--- Task brief ---
From the material below, set down exactly the lines that run from the one containing "Extra 4449 West" to the one containing "간현관광지 주차장에서 음식점", minus the pictures.

--- Task input ---
- - -

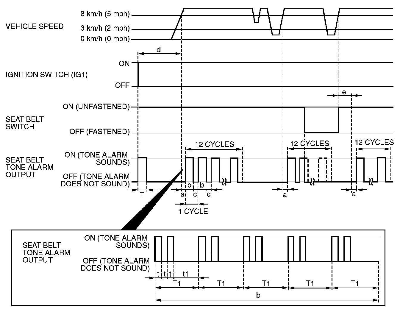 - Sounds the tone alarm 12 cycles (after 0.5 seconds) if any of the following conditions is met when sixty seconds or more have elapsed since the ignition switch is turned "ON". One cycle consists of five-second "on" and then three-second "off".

- - -

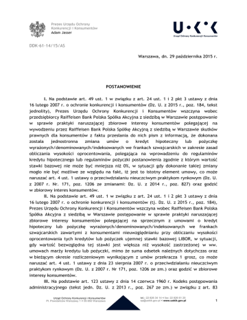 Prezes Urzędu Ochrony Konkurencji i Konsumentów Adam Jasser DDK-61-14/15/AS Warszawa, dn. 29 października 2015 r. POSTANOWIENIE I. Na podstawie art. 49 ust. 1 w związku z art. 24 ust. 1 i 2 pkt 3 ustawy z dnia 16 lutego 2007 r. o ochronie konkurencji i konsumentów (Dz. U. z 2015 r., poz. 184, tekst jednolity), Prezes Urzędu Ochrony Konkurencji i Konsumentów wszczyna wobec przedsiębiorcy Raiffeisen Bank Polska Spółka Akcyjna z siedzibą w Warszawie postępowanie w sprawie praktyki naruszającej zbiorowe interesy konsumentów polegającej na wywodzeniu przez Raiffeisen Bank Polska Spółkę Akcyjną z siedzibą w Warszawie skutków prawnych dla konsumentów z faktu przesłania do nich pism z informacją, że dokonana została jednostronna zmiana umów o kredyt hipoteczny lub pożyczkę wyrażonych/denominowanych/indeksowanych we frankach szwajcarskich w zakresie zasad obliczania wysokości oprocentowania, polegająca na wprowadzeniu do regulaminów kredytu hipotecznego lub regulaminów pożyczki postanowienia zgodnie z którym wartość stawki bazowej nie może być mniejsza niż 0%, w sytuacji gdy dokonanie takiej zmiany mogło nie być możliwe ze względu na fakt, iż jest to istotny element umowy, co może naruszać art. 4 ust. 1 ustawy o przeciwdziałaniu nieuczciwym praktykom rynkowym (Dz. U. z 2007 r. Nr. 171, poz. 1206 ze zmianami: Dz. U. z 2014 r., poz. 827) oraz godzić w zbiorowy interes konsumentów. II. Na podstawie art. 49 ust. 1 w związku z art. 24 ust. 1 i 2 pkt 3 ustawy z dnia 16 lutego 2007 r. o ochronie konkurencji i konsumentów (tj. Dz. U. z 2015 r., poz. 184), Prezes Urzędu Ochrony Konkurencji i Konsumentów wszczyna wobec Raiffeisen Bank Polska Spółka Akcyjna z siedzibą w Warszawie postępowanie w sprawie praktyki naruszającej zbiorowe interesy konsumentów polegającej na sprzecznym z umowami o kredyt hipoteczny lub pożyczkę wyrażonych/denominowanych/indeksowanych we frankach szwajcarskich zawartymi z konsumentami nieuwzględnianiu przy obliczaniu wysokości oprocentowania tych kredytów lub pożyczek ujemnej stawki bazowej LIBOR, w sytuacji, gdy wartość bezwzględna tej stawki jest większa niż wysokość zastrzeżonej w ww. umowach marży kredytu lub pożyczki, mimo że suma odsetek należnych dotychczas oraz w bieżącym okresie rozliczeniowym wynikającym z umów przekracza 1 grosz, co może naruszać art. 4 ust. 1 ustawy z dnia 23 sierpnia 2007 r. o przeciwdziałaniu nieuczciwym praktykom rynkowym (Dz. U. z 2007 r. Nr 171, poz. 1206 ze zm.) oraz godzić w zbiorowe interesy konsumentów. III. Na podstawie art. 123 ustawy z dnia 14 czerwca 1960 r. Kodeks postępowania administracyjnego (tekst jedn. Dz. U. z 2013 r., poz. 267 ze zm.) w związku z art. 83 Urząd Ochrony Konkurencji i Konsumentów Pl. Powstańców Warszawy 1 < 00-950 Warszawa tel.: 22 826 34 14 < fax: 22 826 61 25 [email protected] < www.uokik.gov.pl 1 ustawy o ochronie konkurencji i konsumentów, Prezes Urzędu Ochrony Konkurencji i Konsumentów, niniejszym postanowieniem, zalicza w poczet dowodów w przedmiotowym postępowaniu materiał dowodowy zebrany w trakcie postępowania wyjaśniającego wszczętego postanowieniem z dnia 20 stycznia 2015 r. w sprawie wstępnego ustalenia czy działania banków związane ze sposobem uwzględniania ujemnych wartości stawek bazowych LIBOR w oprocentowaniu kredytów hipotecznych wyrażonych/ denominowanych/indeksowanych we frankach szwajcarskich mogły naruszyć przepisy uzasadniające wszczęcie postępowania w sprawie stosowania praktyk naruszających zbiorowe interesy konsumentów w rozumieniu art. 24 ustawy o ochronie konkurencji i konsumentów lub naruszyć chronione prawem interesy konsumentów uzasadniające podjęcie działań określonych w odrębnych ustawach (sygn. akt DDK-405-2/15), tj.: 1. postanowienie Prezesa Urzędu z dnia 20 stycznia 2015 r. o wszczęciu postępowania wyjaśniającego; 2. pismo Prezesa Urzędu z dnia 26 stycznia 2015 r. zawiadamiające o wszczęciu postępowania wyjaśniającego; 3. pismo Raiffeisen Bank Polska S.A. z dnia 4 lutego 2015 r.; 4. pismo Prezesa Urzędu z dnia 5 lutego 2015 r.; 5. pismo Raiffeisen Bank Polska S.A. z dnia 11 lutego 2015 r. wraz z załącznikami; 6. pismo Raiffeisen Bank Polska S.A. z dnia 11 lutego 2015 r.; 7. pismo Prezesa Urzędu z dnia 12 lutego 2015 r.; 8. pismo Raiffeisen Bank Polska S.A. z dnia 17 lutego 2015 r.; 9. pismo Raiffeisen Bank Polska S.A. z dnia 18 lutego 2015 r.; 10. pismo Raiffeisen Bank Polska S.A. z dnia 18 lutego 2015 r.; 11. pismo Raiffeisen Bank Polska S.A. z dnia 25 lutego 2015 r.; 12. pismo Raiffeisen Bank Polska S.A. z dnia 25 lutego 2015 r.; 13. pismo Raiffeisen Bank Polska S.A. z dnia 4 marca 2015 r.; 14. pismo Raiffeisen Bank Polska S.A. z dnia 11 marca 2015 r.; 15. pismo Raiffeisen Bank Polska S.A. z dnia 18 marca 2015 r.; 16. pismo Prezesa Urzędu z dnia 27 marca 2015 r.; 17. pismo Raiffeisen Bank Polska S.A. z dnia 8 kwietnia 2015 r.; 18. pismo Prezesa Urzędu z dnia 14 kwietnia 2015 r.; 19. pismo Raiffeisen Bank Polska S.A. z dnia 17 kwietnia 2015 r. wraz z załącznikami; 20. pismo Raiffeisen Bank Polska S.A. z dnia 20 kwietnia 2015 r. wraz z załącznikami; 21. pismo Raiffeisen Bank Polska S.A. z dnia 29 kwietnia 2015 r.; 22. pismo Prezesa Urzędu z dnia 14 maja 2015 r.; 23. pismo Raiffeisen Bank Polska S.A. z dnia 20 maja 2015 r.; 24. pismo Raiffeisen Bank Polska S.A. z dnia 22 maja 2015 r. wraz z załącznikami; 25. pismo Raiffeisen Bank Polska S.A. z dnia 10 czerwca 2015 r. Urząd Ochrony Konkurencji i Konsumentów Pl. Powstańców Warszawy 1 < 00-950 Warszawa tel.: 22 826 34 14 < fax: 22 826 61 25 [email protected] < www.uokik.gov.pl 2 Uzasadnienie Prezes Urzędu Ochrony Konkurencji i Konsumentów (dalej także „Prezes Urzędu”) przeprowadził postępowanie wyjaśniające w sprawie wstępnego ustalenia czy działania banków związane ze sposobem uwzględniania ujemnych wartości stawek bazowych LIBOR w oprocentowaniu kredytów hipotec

- - -

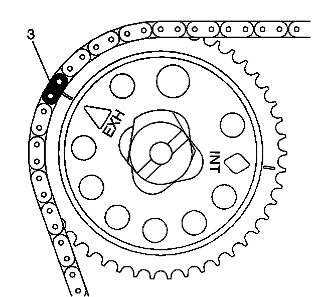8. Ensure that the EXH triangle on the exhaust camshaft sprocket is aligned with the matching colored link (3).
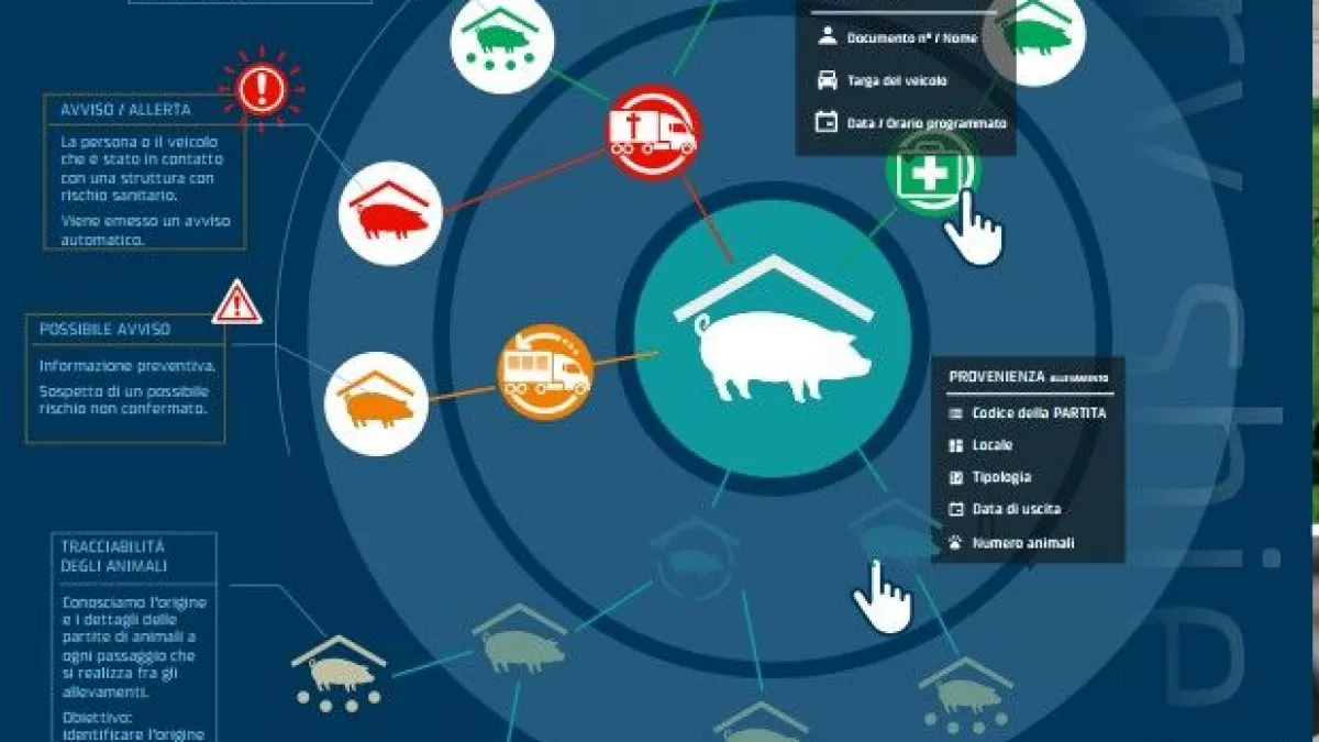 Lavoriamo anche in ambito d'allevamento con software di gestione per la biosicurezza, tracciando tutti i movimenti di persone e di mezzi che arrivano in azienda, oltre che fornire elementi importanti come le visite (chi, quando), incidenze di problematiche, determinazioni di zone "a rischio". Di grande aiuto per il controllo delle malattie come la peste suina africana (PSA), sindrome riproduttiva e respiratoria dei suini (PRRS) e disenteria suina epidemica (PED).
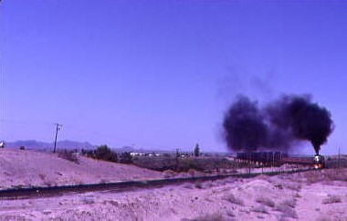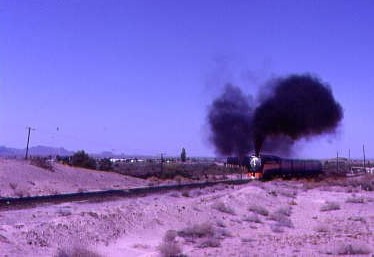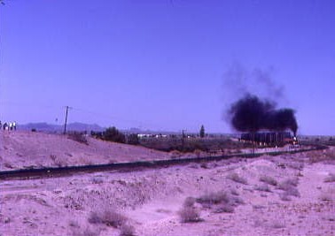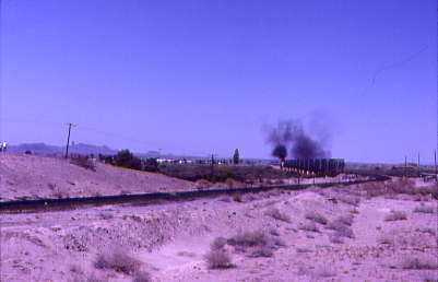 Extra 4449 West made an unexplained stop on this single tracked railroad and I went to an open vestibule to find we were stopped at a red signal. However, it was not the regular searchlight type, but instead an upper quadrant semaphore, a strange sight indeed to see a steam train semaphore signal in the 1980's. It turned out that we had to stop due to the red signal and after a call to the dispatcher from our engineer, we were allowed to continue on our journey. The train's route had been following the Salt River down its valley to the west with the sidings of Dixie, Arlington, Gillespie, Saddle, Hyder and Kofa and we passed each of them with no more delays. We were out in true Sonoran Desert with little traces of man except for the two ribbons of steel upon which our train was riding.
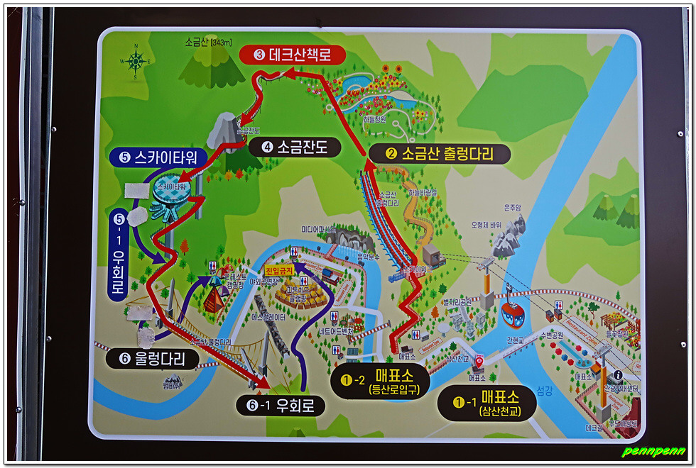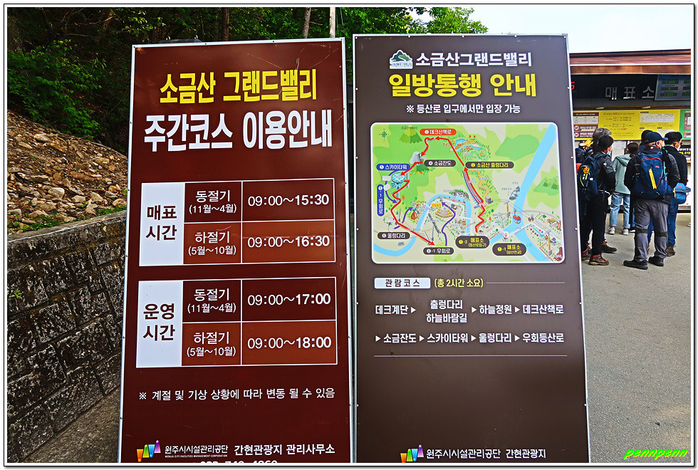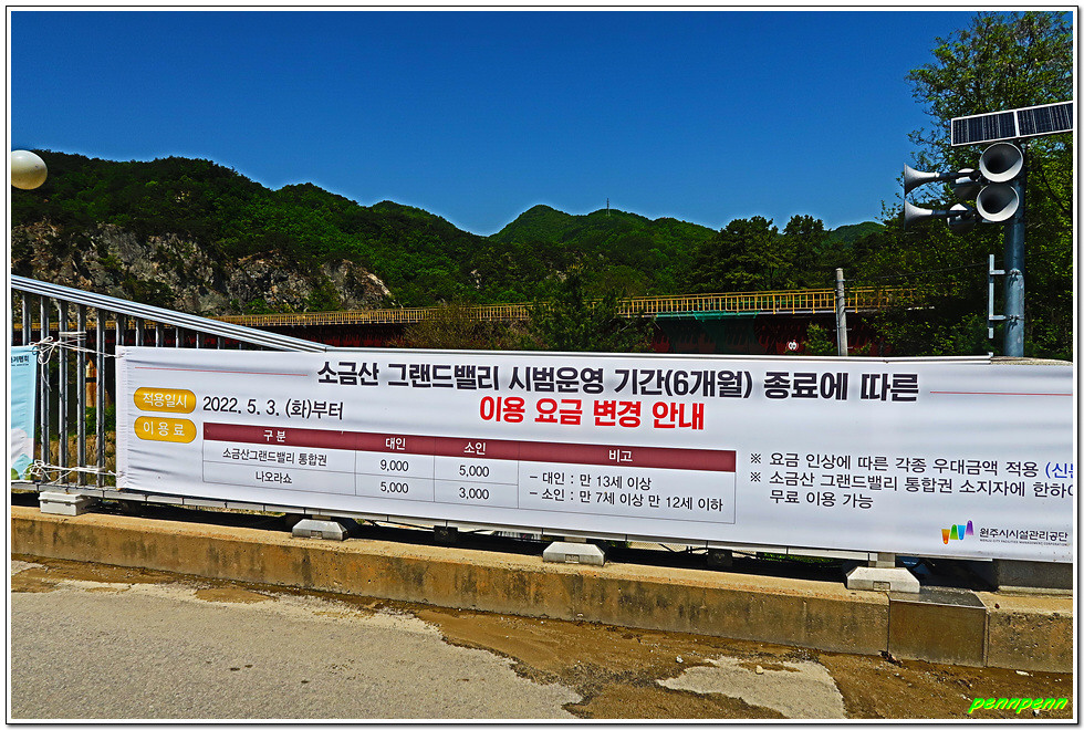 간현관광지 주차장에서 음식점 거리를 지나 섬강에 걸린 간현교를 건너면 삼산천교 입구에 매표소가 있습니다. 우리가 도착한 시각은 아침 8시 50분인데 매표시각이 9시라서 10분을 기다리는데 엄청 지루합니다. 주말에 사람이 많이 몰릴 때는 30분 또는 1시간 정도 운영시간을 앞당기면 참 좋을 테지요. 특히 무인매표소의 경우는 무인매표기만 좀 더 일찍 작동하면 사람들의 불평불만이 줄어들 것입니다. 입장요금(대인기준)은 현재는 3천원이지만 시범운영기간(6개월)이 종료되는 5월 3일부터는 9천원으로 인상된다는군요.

- - -

--- Response to this task ---
 Extra 4449 West made an unexplained stop on this single tracked railroad and I went to an open vestibule to find we were stopped at a red signal. However, it was not the regular searchlight type, but instead an upper quadrant semaphore, a strange sight indeed to see a steam train semaphore signal in the 1980's. It turned out that we had to stop due to the red signal and after a call to the dispatcher from our engineer, we were allowed to continue on our journey. The train's route had been following the Salt River down its valley to the west with the sidings of Dixie, Arlington, Gillespie, Saddle, Hyder and Kofa and we passed each of them with no more delays. We were out in true Sonoran Desert with little traces of man except for the two ribbons of steel upon which our train was riding.
 간현관광지 주차장에서 음식점 거리를 지나 섬강에 걸린 간현교를 건너면 삼산천교 입구에 매표소가 있습니다. 우리가 도착한 시각은 아침 8시 50분인데 매표시각이 9시라서 10분을 기다리는데 엄청 지루합니다. 주말에 사람이 많이 몰릴 때는 30분 또는 1시간 정도 운영시간을 앞당기면 참 좋을 테지요. 특히 무인매표소의 경우는 무인매표기만 좀 더 일찍 작동하면 사람들의 불평불만이 줄어들 것입니다. 입장요금(대인기준)은 현재는 3천원이지만 시범운영기간(6개월)이 종료되는 5월 3일부터는 9천원으로 인상된다는군요.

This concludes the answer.